2

Hi just a quick question for my own curiosity. I am trying to not repeat my code. Im still learning how to use parameters and arguments properly so i would imagine it will be through this route here is my code.

public void MultiChoiceLight()
    {
        lCon = new SQLiteConnection(@"Data Source=knowledge.db;Version=3");
        lCon.Open();
        string query1 = $"UPDATE testOrder SET question='{QuestionsFromDb.question}', choice1='{QuestionsFromDb.choice1}" +
            $"', choice2='{QuestionsFromDb.choice2}', choice3='{QuestionsFromDb.choice3}', choice4='{QuestionsFromDb.choice4}' " +
            $"WHERE qid={QuestionsFromDb.b}";
        lCmd = new SQLiteCommand(query1, lCon);
        lCmd.ExecuteNonQuery();
        lDr = lCmd.ExecuteReader();
        lCon.Close();
    }

public void MultiChoiceButtonNext()
    {
        lCon = new SQLiteConnection(@"Data Source=knowledge.db;Version=3");
        lCon.Open();
        string query = $"SELECT * FROM testOrder WHERE qid={qid}";
        lCmd = new SQLiteCommand(query, lCon);
        lCmd.ExecuteNonQuery();
        lDr = lCmd.ExecuteReader();
    }

Ok so what im trying to figure out is to use the lines of code within each method only once and then input the query in afterwards so i can do this as many times as possible via a method. I have quite a few methods like this and would really like to shorten my code. Before you say i am aware of lambda expressions and entity but im not using it within the application i am trying to make. Would be nice if i could save my queries into a class file then call them from there just to make my code look tidy. Thanks for reading.

2 Answers 2

2

You can just wrap your SQL connection in some sort of helper class and wherever you need:

// TODO: Parametrized queries?
public class SQLConnectionHelper
{
    private readonly string _connectionString;

    // TODO: Parameterless constructor which gets connection string from config?

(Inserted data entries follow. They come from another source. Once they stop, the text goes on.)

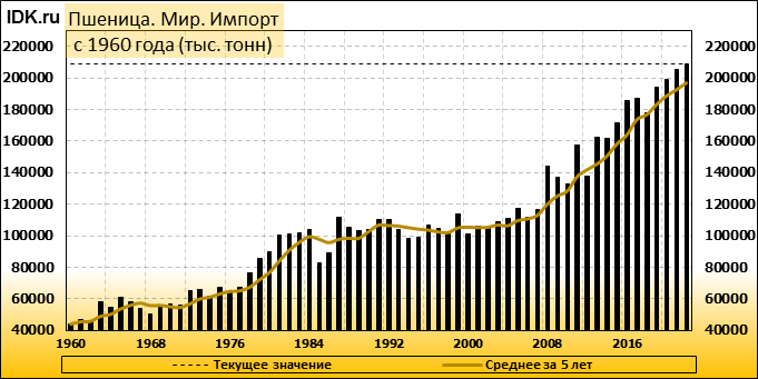 Импорт: составит 208759 тысяч тонн. Значение по прошествии месяца поднялось на 1.07 процента.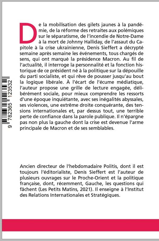 Éditorialiste depuis vingt ans de l’hebdomadaire Politis, Denis Sieffert a réuni ici une sélection d’une soixantaine de textes qui couvre les cinq années de la présidence Macron. Il propose une grille de lecture originale des grands débats et des conflits qui ont jalonné ces années. Au fil des événements, il interroge les évolutions d’une personnalité qui, apôtre du « ni droite ni gauche », a fini par fracturer la société et favoriser la droitisation extrême du paysage politique. Denis Sieffert revient aussi sur des événements qui ont mobilisé, inquiété ou ému l’opinion dont il met en évidence le sens politique : que signifie l’émotion populaire suscitée par la disparition de Johnny Halliday ? Que nous disent de notre époque les réactions à l’incendie de Notre-Dame ? Ou les hommages à Jacques Chirac et à Bernard Tapie, en passant par la liesse permissive qui a accompagné la victoire de la France à la coupe du monde de football ? Mais ce sont surtout les débats sur les retraites, la laïcité, le « séparatisme », la fin de vie, avec l’affaire Vincent Lambert, et évidemment la crise des gilets jaunes, que l’on retrouve dans ces pages, tels qu’ils ont été vécus et analysés dans l’instant. <br /><br /> L’auteur revient aussi sur les ambivalences de la fameuse diplomatie de la tape dans le dos, face à Trump ou Poutine. Il rappelle quelques compromissions que la realpolitik ne suffit pas à expliquer, comme cette « légion de déshonneur » décernée au dictateur égyptien Al-Sissi. Il interroge enfin l’institution présidentielle dont Emmanuel Macron a accentué la verticalité, notamment dans la gestion de la pandémie. Des questions de pleine actualité.<br /><br /> Denis Sieffert n’épargne pas non plus la gauche dont la faiblesse historique est le meilleur atout de Macron. Il livre sur tous ces sujets une analyse qui échappe aux effets de meute médiatiques, et se garde, malgré la sévérité de la critique, de tout esprit de système qui ferait de la contradiction son objet principal.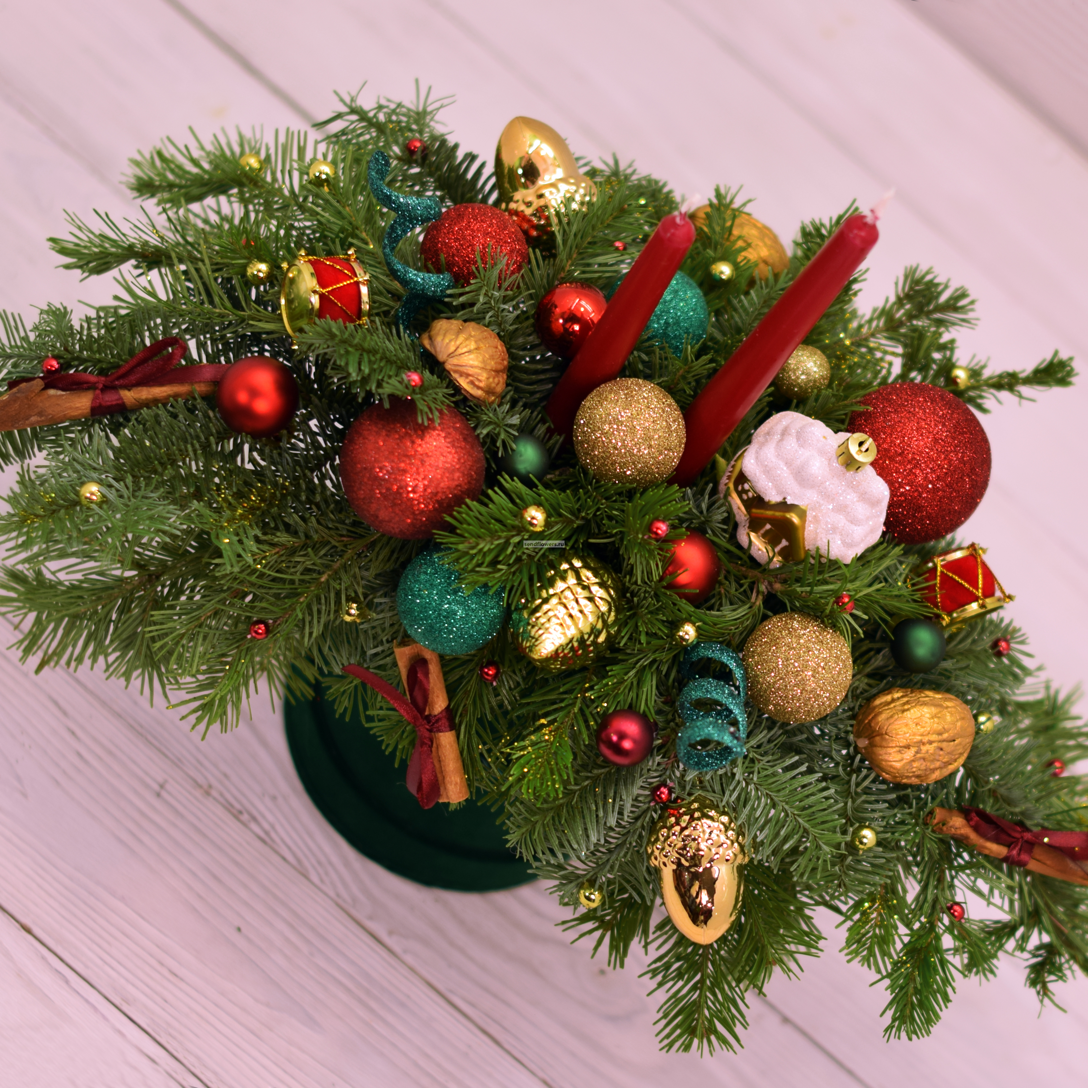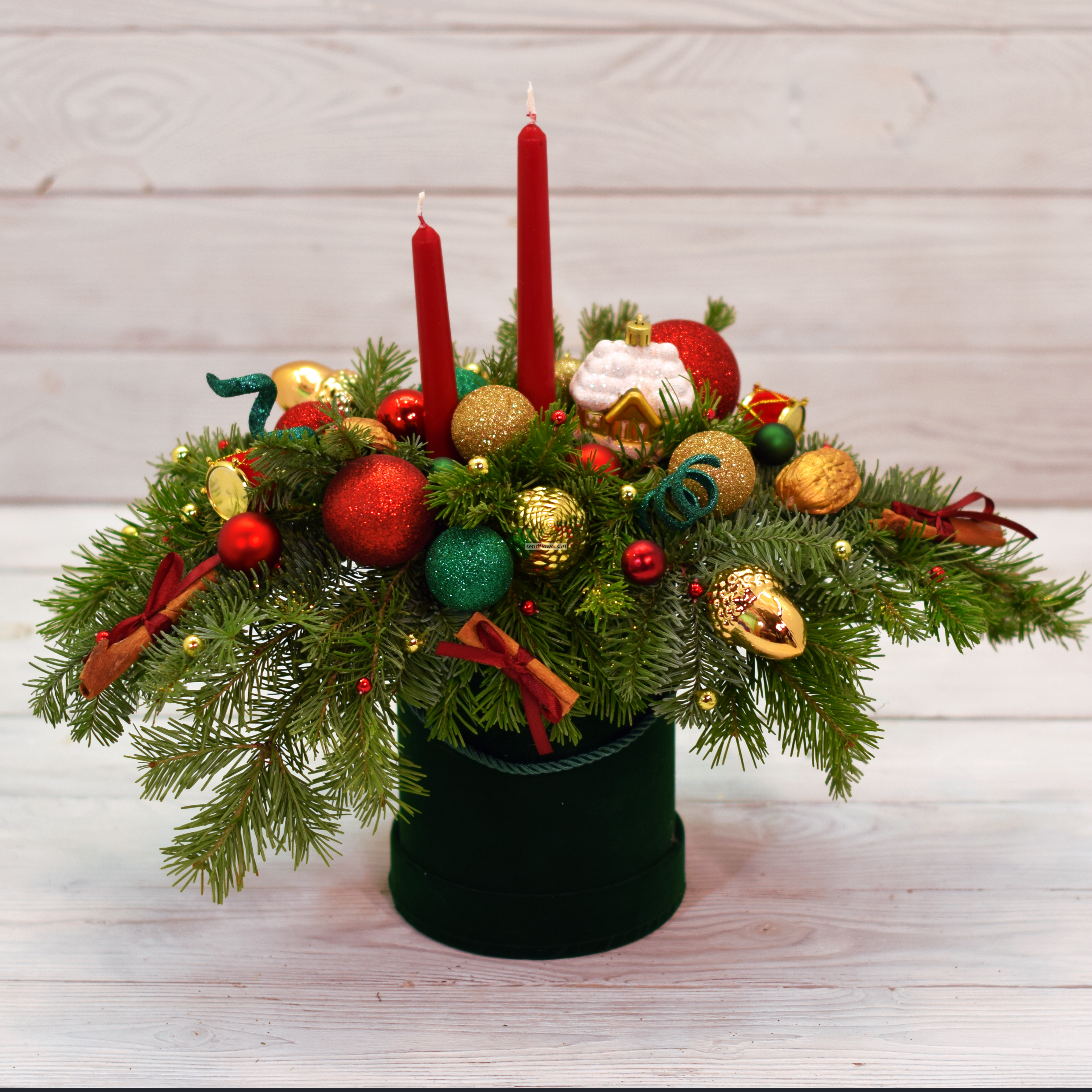 Шляпная бархатная коробка с еловой композицией и красными свечами. Размеры композиции: высота - 40 см, ширина 45 см. Высота указана вместе со свечами.

    public SQLConnectionHelper(string connectionString)
    {
        _connectionString = connectionString;
    }

    private TResult WithConnection<T>(Func<SQLiteConnection, TResult> func)
    {
        // TODO: try-catch-rethrow-finally here

        using (var connection = new SQLiteConnection(_connectionString))
        {
            _sqliteConnection.Open();

            var result = func(_sqliteConnection);

            _sqliteConnection.Close();

            return result;
        }
    }

    public void ConnectExecuteReader(string query, Action<SQLiteDataReader> action)
    {
        WithConnection(conn => {
            var reader = new SQLiteCommand(query, conn).ExecuteReader();
            action(reader);
        });
    }

    public int ConnectExecuteNonQuery(string query)
    {
        return WithConnection(conn => {
            return new SQLiteCommand(query, conn).ExecuteNonQuery();
        });
    }
}

Usage:

public class YourClass
{
    private readonly SQLConnectionHelper _sql = new SQLConnectionHelper(@"Data Source=knowledge.db;Version=3");

    public void MultiChoiceLight()
    {
        string query1 = $"UPDATE testOrder SET question='{QuestionsFromDb.question}', choice1='{QuestionsFromDb.choice1}" +
        $"', choice2='{QuestionsFromDb.choice2}', choice3='{QuestionsFromDb.choice3}', choice4='{QuestionsFromDb.choice4}' " +
        $"WHERE qid={QuestionsFromDb.b}";

        int result = _sql.ConnectExecuteNonQuery(query1);
    }

    public void MultiChoiceButtonNext()
    {
        _sql.ConnectExecuteReader($"SELECT * FROM testOrder WHERE qid={qid}", r => {
            // process your reader here, outside of this lambda connection will be closed
        });
    }
}

Benefits:

  1. SQL connection type is encapsulated into SQLConnectionHelper and can be substituted, the client is almost abstracted (except for SQLiteReader, can be rewritten) from specific type of SQL connection;
  2. SQL connection configuration (connection string) is encapsulated;
  3. SQL connection error handling is encapsulated, you can throw some specific CustomSQLException and you only need to define it in one place;
  4. SQL connection opening / closing is encapsulated. For example, you can have one single connection instead of connecting for every call, and you only need to change it in one place;
  5. Many other OOP benefits for maintainance and future extensibility;
  6. SQLConnectionHelper can implement IDisposable and clean connection resources out.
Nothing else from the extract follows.